Vatandaşlardaki bu merakın gereksiz tetkiklerin artmasına neden olduğuna dikkat çeken Kaya şöyle devam etti: “Bu durum, gerçekten ihtiyacı olan, hekimlerin de istekte bulunduğu hastalara yeterince tetkik yapılacak zaman kalmamasına neden oluyor. Hem randevu olarak gecikiliyor, hem de ayrılacak yeteri zaman kalmıyor. Bir günde 30 hasta doğru bir raporlanacakken, 100 tane olunca hasta başına 1 ya da 2 dakika zaman ayrılmak zorunda kalınıyor. Hem radyolog arkadaşlarımız da riske giriyorlar, yanlış yapma riskine girebilirler -ki bu kabul edilebilecek bir durum değil-, hem de hastalarımız ihtiyaçları olan değerlendirilme sürecinden mağdur durumda oluyorlar.”

“Raydologlarımız iyi eğitimli”
Türk Radyoloji Derneği Genel Sekreteri ve Kongre Genel Sekreteri Prof. Dr. Tuncay Hazırolan, radyolojik tetkiklerin, insan sağlığını olumsuz etkilemeden ortaya çıkan hastalıkların tedavi edilmesini sağladığını söyleyerek şöyle devam etti: “Daha önceki senelerde kalp ritmindeki ölüm oranları çok yüksekken, gelişmeler sayesinde günümüzde pek çok kalp kurtarılabiliyor. Bazı vatandaşlar yaşam standartlarını bozan kalp yetmezlikleriyle, pek çok ilaç kullanma zorunluluğu ile yaşıyorlar. Aynı zamanda toplumun sosyal güvenlik kurumu masraflarını artırıyor. Bu aşamaya gelmeden tomografiyi kalpte kullanarak, radyologlar olarak erken dönemde tanı koyuyoruz ve pek çok insanın yaşamını etkiliyoruz. Ülkemizde hastanelerde bu dediğim yöntemler kalp MR, kalp tomografileri yapacak ünitelere sahibiz. Radyologlarımız da eğitimlerini almış kişiler. Aynı zamanda erken dönemde hastalık şüphesi olan olguları göndererek değerlendirme şansına sahipler.”

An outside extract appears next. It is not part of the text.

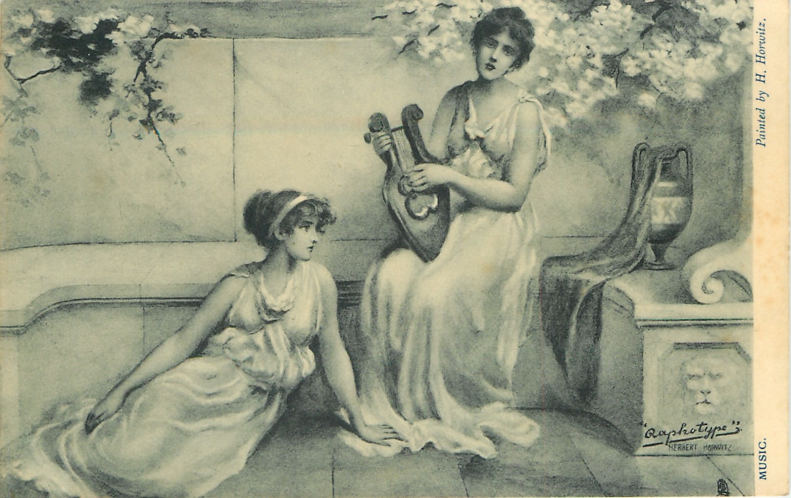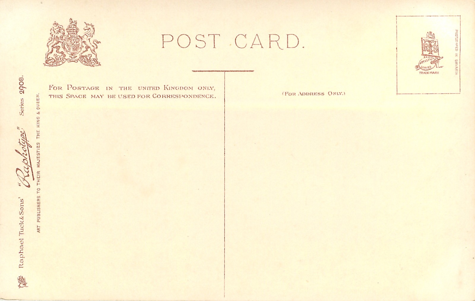 RAPHOTYPE, PHOTOTYPED IN BAVARIA (in stamp box) or PRODUCED IN BAVARIA, card titles & artists come in red or blue, same images 2808, PAINTED BY H. HORWITZ., listed in 1904 POSTCARD Catalogue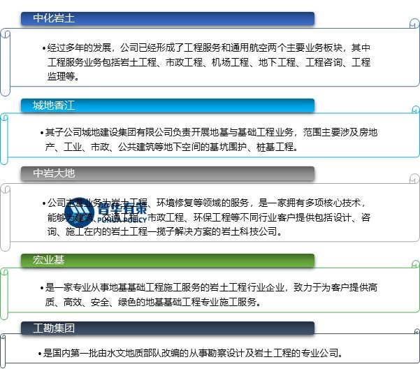 我国拥有岩土工程专业承包资质的企业众多,目前参与岩土工程行业市场竞争的企业主要分为两类,一类是中大型工程施工企业,此类企业具备较强的技术实力和项目经验、拥有较好的施工资质和管理水平、拥有良好的品牌优势及客户关系,有实力竞争国家重点及其他大中型岩土工程项目;另一类是小型岩土工程施工企业,该类企业数量众多、规模偏小、技术水平较低,一般只能提供单一的施工服务,差异化不足,价格竞争较为激烈。

“Tesadüfen saptanan lezyonlar tartışma konusu”
Kongre Bilimsel Kurul Başkanı Prof. Dr. Murat Danacı, bilimsel kurul olarak, bu yıl kongrede ana konu olarak görüntülemede tesadüfen saptanan lezyonlar ve bunların takibinde izlenecek yolu tartışmaya karar verdiklerini belirterek şunları söyledi: “Günümüzde farklı amaçlarla radyolojik görüntülemeler daha sık yapılmakta ve bunun sonucunda hastalarımızda hiçbir şikayet oluşturmamış pek çok lezyon tespit edilmektedir. Bu lezyonların bazıları tamamen önemsiz olup herhangi sağlık problemi oluşturmayacağı gibi bazıları erken dönem kanser dahil olmak üzere ciddi hastalıkların erken bulgusu olabilmektedir.  Gerçek bir hasta örneği üzerinden durumu anlatmak gerekirse, geçtiğimiz sonbaharda incir toplarken daldan düşüp belini inciten bir hastaya kemikleri görmek için bilgisayarlı tomografi incelemesi yapıldığında, sağ böbreğinde hastada şikayet oluşturmayan erken evre bir böbrek tümörü saptadık.  Bu örnek üzerinde devam edersek günümüzde böbrek tümörlerinin yarısını başka bir sebeple yapılan görüntülemede saptar hale geldik bu da daha erken tanı ve pek çok hastada tam tedavi şansı vermektedir. Erken tanı açısından bunlar önemli iken bazı hastalarımızda ise hiç bir önemi olmayan, hastalık yapmayan ve tedavi gerektirmeyen lezyonları saptadığımızda hastaya takip ya da ek görüntüleme ihtiyacı olabilmekte böylece hem sağlık giderlerinde, hem iş yükünde artış ve hastalarımızda ise stres ve kaygıya yol açabilmektedir.”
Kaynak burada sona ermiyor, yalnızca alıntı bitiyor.